Saudi oil revenue hits 3-year low, impacts mega-projects: Report

This is due to the decline in oil prices and the Kingdom's decision to reduce production.

The Kingdom of Saudi Arabia’s oil export revenues fell to their lowest level in three years, due to the decline in oil prices and the Kingdom’s decision to reduce production.

Citing government data, Bloomberg reported on Thursday, August 23, that the sales of crude oil and refined products fell to 66.3 billion Saudi Riyals in June, down more than 9 percent year-on-year and about 12 percent from May.

Saudi Arabia reduced production to boost prices, but Brent remains at 76 dollars per barrel, 7 percent lower than last year’s trading.

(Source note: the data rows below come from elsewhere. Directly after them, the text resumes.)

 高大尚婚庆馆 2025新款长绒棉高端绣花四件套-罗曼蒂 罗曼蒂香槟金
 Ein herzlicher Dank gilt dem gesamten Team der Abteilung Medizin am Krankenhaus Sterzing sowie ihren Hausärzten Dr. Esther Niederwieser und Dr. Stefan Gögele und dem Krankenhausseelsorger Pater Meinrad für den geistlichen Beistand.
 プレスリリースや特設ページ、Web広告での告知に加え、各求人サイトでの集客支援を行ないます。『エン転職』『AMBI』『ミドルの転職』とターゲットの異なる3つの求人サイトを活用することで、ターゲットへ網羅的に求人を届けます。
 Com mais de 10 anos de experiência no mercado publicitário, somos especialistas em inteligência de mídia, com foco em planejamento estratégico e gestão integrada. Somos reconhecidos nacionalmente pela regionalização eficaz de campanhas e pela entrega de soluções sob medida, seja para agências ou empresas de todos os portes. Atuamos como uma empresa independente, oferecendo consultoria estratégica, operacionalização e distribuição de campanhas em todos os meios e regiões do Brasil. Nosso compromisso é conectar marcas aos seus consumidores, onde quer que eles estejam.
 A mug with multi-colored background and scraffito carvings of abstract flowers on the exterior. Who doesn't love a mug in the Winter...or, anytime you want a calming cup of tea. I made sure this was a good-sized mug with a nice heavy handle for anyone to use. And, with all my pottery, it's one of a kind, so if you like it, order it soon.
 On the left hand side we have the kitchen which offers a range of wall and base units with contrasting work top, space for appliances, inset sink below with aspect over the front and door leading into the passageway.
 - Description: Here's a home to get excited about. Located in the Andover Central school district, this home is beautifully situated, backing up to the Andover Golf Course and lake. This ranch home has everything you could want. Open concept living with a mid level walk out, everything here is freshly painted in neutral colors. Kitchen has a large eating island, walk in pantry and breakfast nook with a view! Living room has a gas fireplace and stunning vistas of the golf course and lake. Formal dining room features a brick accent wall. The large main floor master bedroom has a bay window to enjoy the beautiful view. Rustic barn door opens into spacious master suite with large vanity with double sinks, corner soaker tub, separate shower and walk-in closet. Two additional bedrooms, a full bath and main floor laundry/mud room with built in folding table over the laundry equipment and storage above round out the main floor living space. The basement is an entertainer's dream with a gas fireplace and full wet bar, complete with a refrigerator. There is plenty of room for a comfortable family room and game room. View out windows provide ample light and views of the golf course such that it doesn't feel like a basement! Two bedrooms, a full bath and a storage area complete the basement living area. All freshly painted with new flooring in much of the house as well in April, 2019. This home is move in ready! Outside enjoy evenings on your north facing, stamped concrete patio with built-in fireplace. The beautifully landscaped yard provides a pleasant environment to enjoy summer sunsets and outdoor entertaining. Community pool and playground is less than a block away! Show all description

This drop in oil revenue comes at a vital time for Saudi Arabia, since the country relies on petrodollars and foreign investment to support large-scale construction projects under Mohammed bin Salman’s Vision 2030 policy, which seeks to diversify the oil-dependent economy.

One of the projects impacted is The Line, a mirror-clad desert metropolis and NEOM, a 500 billion dollars megacity project.

Saudi officials predict that The Line will have fewer than 300,000 residents by 2030, instead of the previously anticipated 1.5 million. The completion of only 2.4km of the 170km city is expected to occur by 2030.